• INSTRUCTIONS FOR THE TASK: Reproduce the entries that follow exactly, dropping each image.

• Data excerpts:
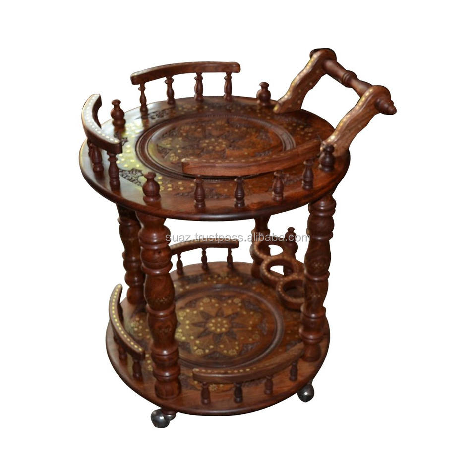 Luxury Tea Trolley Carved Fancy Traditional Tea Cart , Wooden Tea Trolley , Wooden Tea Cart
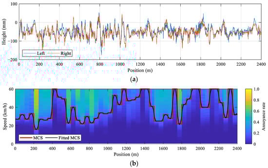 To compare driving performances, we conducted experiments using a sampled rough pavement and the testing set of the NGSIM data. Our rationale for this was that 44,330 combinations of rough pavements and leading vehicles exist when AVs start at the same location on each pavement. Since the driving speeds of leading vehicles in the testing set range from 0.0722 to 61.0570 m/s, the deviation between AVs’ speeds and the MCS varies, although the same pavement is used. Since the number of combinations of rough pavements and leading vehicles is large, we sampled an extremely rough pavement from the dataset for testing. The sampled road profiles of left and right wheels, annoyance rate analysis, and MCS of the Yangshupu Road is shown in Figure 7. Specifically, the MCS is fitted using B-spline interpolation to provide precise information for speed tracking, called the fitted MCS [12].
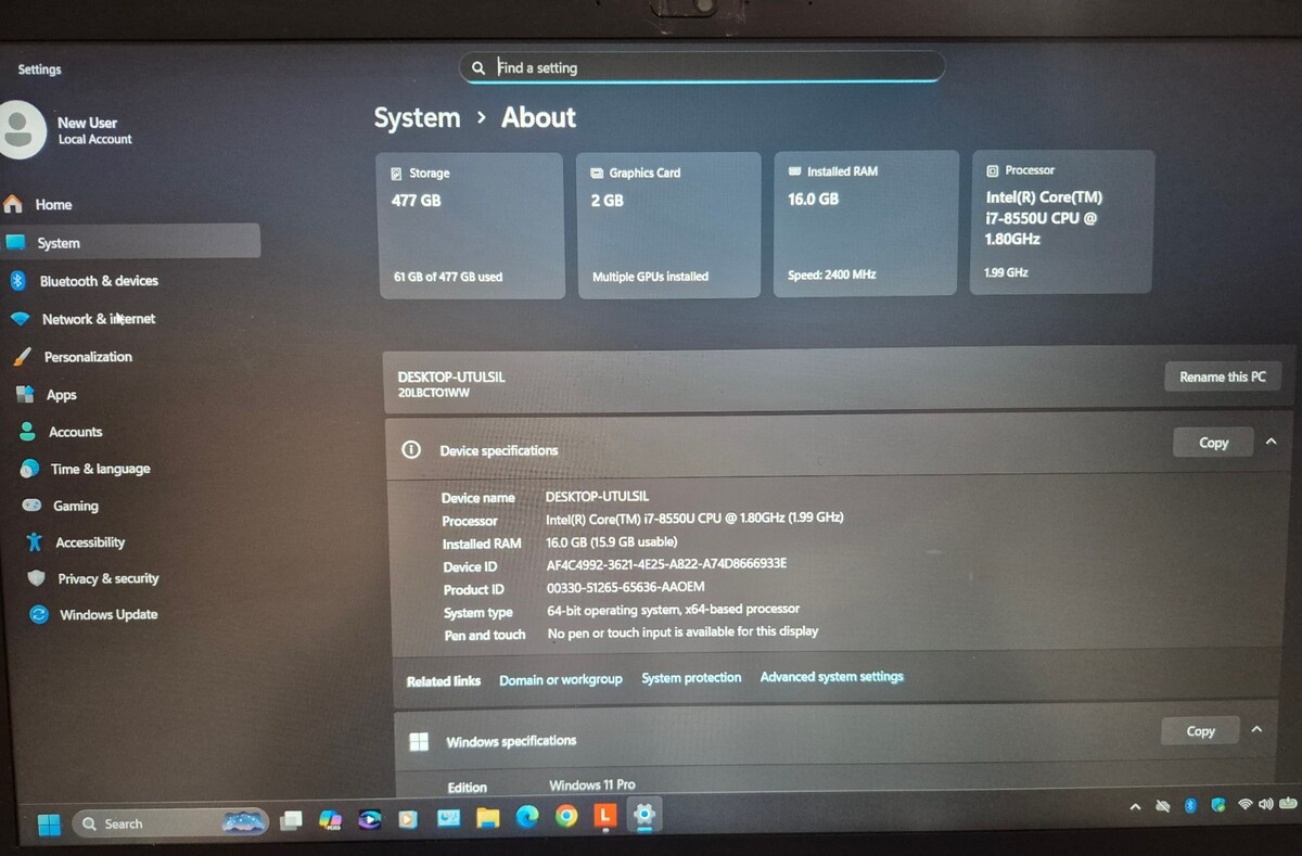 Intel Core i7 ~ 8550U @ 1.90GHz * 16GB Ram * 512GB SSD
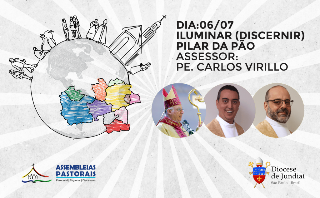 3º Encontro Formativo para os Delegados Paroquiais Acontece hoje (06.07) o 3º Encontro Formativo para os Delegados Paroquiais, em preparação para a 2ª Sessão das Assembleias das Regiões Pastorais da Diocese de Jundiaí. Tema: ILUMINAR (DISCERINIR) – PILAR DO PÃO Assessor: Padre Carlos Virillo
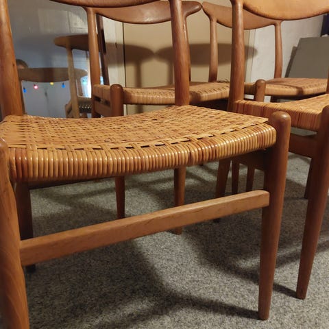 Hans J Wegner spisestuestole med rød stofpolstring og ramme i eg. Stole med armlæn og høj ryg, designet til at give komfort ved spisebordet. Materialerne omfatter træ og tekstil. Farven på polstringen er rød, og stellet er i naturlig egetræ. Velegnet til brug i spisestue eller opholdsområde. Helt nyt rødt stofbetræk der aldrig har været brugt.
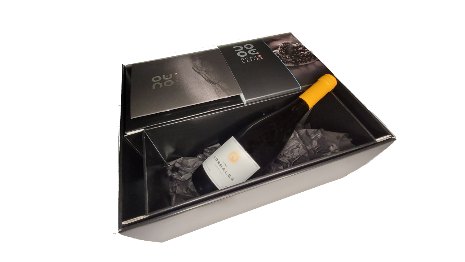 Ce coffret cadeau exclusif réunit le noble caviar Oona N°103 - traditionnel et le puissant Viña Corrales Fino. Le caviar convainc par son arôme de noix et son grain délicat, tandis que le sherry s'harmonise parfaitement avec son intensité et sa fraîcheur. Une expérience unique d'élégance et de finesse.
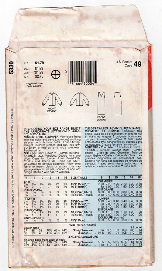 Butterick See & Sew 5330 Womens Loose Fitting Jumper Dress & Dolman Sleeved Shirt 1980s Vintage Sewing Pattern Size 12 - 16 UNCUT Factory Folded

• ANSWER SECTION:
 Luxury Tea Trolley Carved Fancy Traditional Tea Cart , Wooden Tea Trolley , Wooden Tea Cart
 To compare driving performances, we conducted experiments using a sampled rough pavement and the testing set of the NGSIM data. Our rationale for this was that 44,330 combinations of rough pavements and leading vehicles exist when AVs start at the same location on each pavement. Since the driving speeds of leading vehicles in the testing set range from 0.0722 to 61.0570 m/s, the deviation between AVs’ speeds and the MCS varies, although the same pavement is used. Since the number of combinations of rough pavements and leading vehicles is large, we sampled an extremely rough pavement from the dataset for testing. The sampled road profiles of left and right wheels, annoyance rate analysis, and MCS of the Yangshupu Road is shown in Figure 7. Specifically, the MCS is fitted using B-spline interpolation to provide precise information for speed tracking, called the fitted MCS [12].
 Intel Core i7 ~ 8550U @ 1.90GHz * 16GB Ram * 512GB SSD
 3º Encontro Formativo para os Delegados Paroquiais Acontece hoje (06.07) o 3º Encontro Formativo para os Delegados Paroquiais, em preparação para a 2ª Sessão das Assembleias das Regiões Pastorais da Diocese de Jundiaí. Tema: ILUMINAR (DISCERINIR) – PILAR DO PÃO Assessor: Padre Carlos Virillo
 Hans J Wegner spisestuestole med rød stofpolstring og ramme i eg. Stole med armlæn og høj ryg, designet til at give komfort ved spisebordet. Materialerne omfatter træ og tekstil. Farven på polstringen er rød, og stellet er i naturlig egetræ. Velegnet til brug i spisestue eller opholdsområde. Helt nyt rødt stofbetræk der aldrig har været brugt.
 Ce coffret cadeau exclusif réunit le noble caviar Oona N°103 - traditionnel et le puissant Viña Corrales Fino. Le caviar convainc par son arôme de noix et son grain délicat, tandis que le sherry s'harmonise parfaitement avec son intensité et sa fraîcheur. Une expérience unique d'élégance et de finesse.
 Butterick See & Sew 5330 Womens Loose Fitting Jumper Dress & Dolman Sleeved Shirt 1980s Vintage Sewing Pattern Size 12 - 16 UNCUT Factory Folded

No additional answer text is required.